Iervolino osserva che in Campania né il Policlinico né il Santobono fanno chirurgia pediatrica e quindi “avremmo dovuto mandare a Roma i bambini bisognosi di intervento. Oggi il reparto è decapitato. Potevamo chiudere e basta: chi aveva bisogno sarebbe andato fuori Regione, ma avremmo messo a rischio la vita dei bambini. Per questo abbiamo dialogato con il Bambino Gesù, che ringrazio, che ci ha dato una copertura, mandando al Monaldi i loro chirurghi di esperienza che in questo periodo stanno anche facendo training nelle sale operatorie ai nostri chirurghi giovani. Finora abbiamo fatto quattro interventi cardiochirurgici per bambini, tutti andati bene. Ieri i professionisti da Roma con i nostri giovani hanno operato in urgenza un bimbo di un mese di vita, nato con un foro sul cuoricino che andava chiuso in emergenza. Dal Policlinco della Federico II è stato mandato da noi, il cardiochirurgo Enrico Cetrano del Bambino Gesù con un nostro giovane chirurgo lo ha operato bene. Abbiamo scelto questa strada perché sappiamo che in alcuni casi, come quello di ieri, ci sono emergenze che non danno il tempo di trasferire al Bambino Gesù”.
 
La direttrice sottolinea che “noi abbiamo cardiochirurghi al Monaldi, che però non hanno ancora la forte esperienza necessaria per interventi di alta specializzazione. I primi operatori erano il dottor Oppido e la dottoressa Farina che sono stati sospesi. I giovani stanno maturando e anche per questo la convenzione é utile e necessaria. Nelle ultime settimane, le famiglie dei bimbi che hanno bisogno di un intervento cardiochirurgico pediatrico hanno incontrato i nuovi medici che ascoltano i loro dubbi e paure e spiegano bene il singolo intervento. Finora hanno scelto tutte le famiglie di restare e il nostro obiettivo è di creare una forte collaborazione , sperando che tra qualche mese i nostri chirurghi siano maturi”.     

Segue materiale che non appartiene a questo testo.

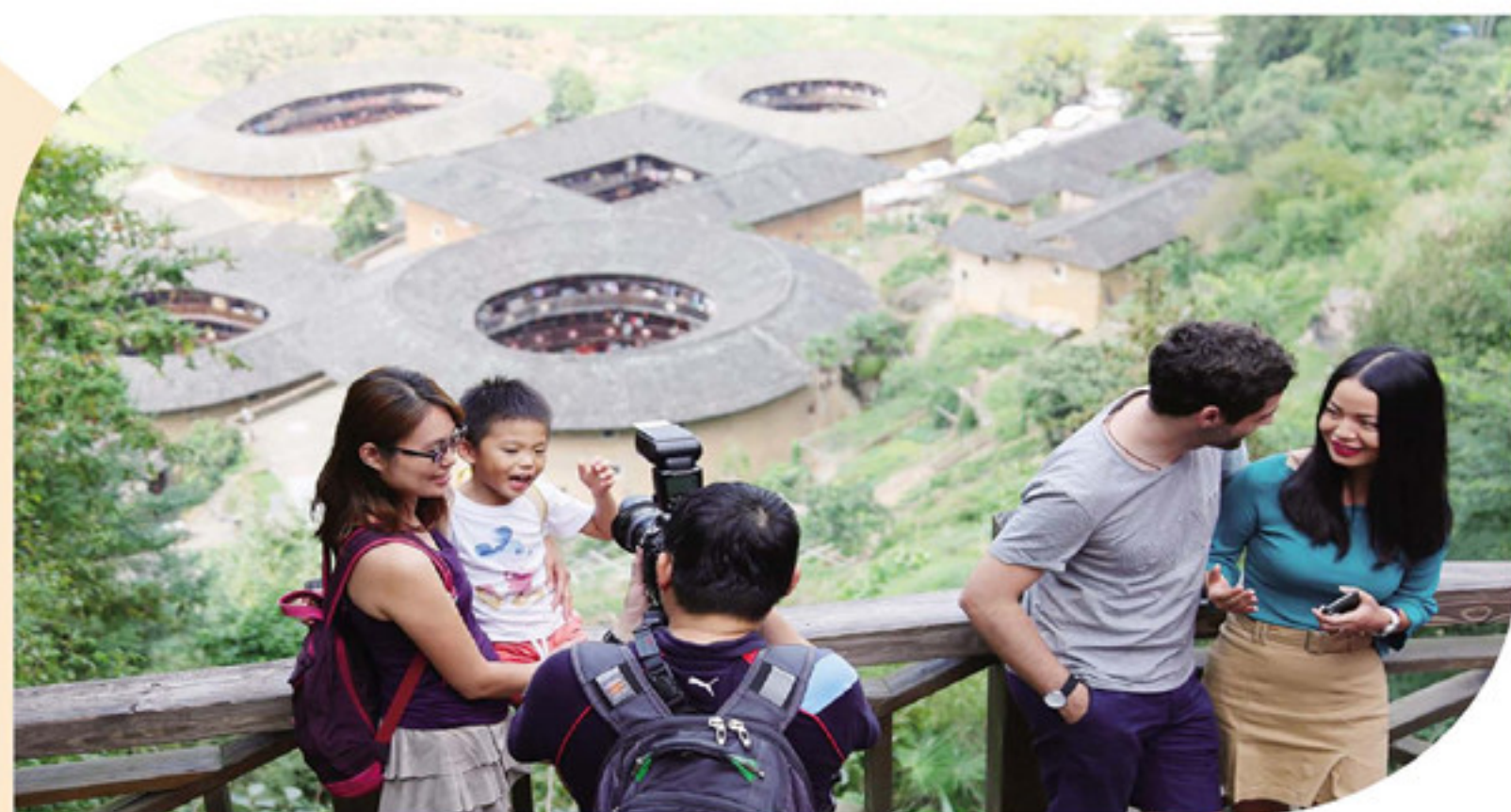
▲来自西班牙的游客跟田螺坑合影
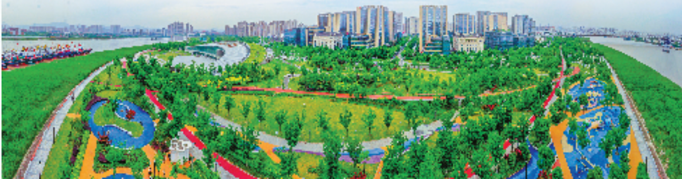
生态宜居的宁波高新区
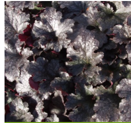
Heuchera micrantha 'Plum Pudding' Purpurglöckchen

Blüthenhöhe: 30-50 cm Blütezeit: Juni-Juli
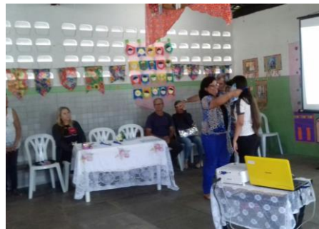
Fig. 5,6,7 e 8 – Alunos durante a premiação dos primeiros colocados
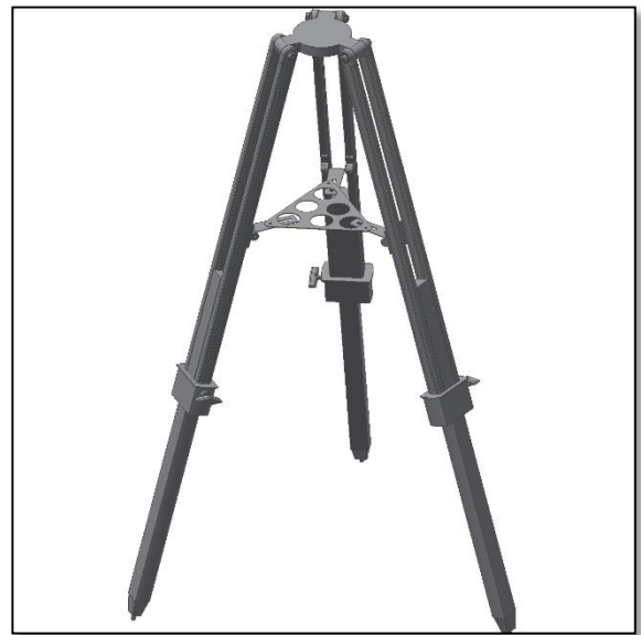
Fig. 3. Fixation du plateau.
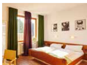
# 1 Smaragdeidchsenz.

Frühstücks-Service: Sie ordern ein Frühstück - wir bestücken Ihren Kühlschrank, damit Sie morgens im Bett, im Zimmer oder im Kastaniengarten - am eigenen Tisch - genüsslich frühstücken können. Frische Brötchen stehen an der Rezeption für Sie bereit.
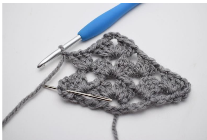
27. 1 Cat. Il successivo gruppo di m chiuse insieme è fatto nello spazio tra le cat come mostra l'ago.
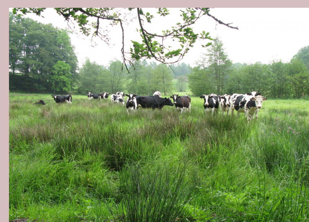
Gestion agro-environnementale des zones humides
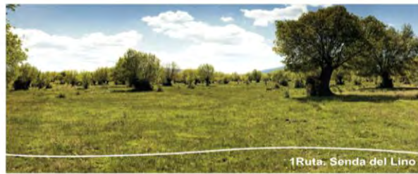
1Ruta. Senda del Lino
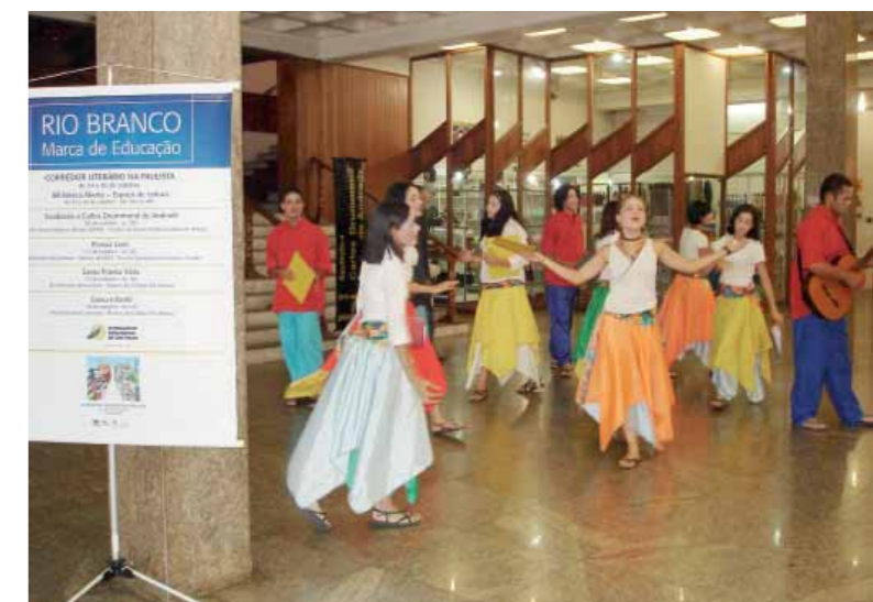
Grupo de jovens atores do CEPRO no Clube Homs
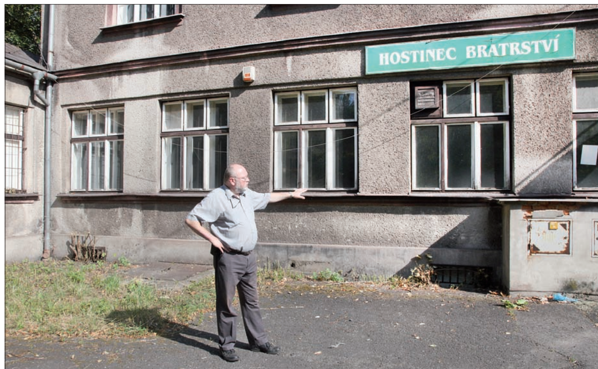
Restauracja u Braci stoi zaniedbana. Dawniej MK PZKO Leszna Dolna miało tu siedzibę.
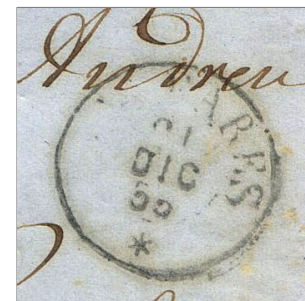
BALEARES 21 DIC 55

In pratica la lettera impiegò l'intero periodo, oggi vacanziero, documentando l'attività lavorativa dei servizi postali anche in giorni sacralmente festivi.
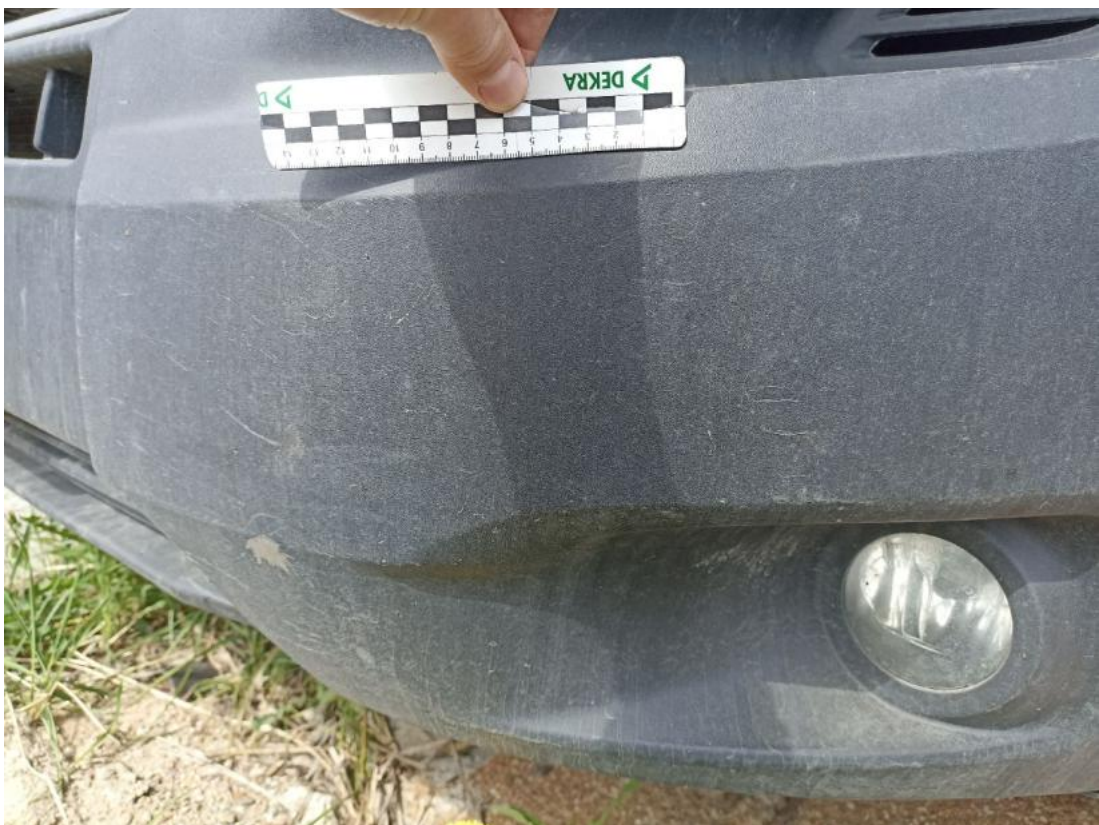
Fot. 36 Zderzak - Rysa/odprysk 1
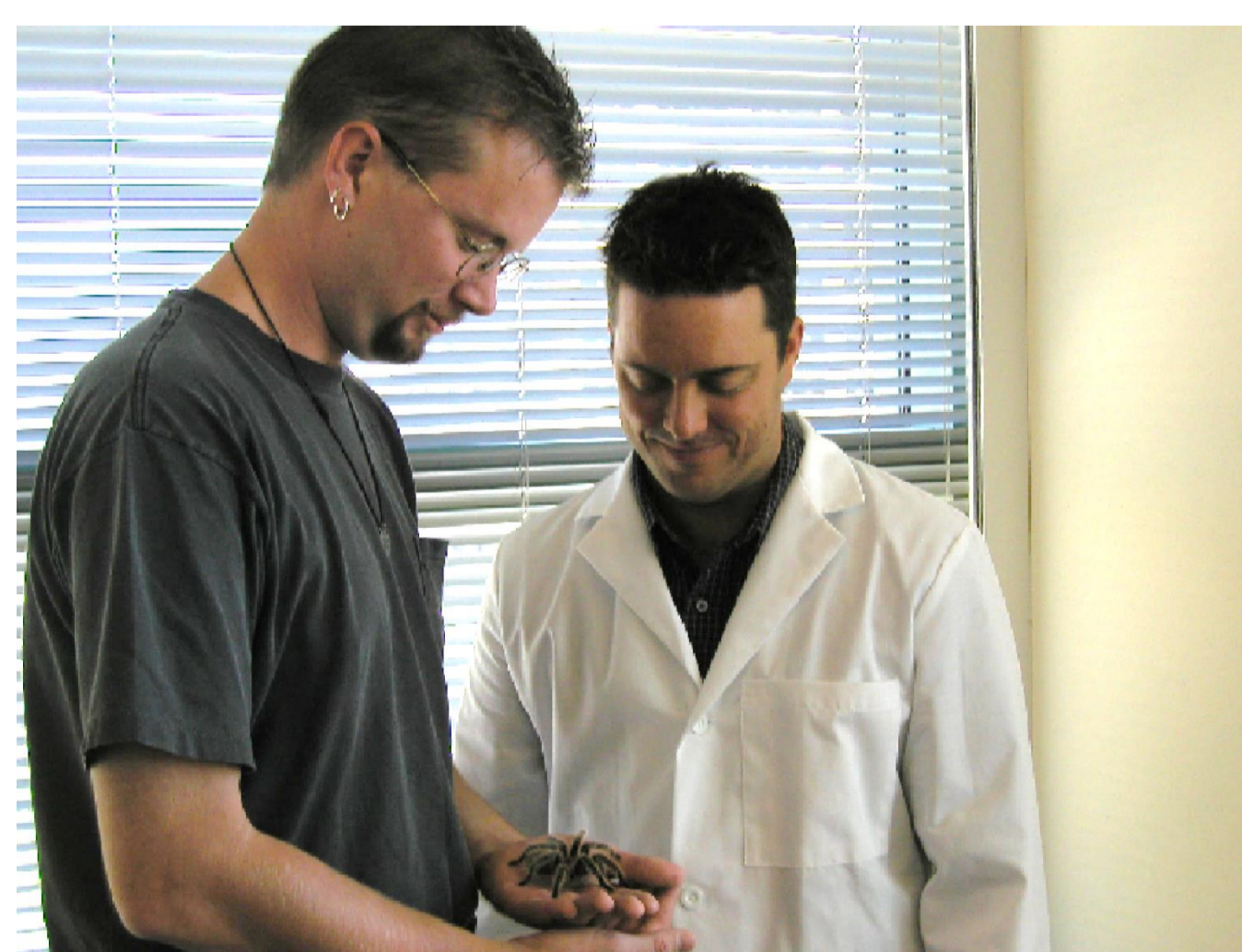
Therapie: blootstelling aan spinnen

Iervolino parla anche dal suo percorso in queste settimane e se ha avuto la tentazione di lasciare la direzione: “Io sono stata molto provata umanamente – spiega – dalla situazione di Domenico e da altre famiglie che erano in attesa di intervento. Un peso di responsabilità che ho dovuto sostenere anche in forte solitudine e anche sotto le critiche sui social. Ma mi sono concentrata non su social ma sul lavoro che faccio ogni giorno. Ho avuto sostegno da tanti pazienti. Da 30 anni faccio questo lavoro, con sacrificio, passione e responsabilità. Io devo lavorare, ho la responsabilità di portare il Monaldi fuori dalla tempesta, questa è il mio lavoro che faccio con impegno. Io non sono come Schettino che abbandono la nave. Io devo lavorare, poi altre valutazioni non sono di mia competenza”.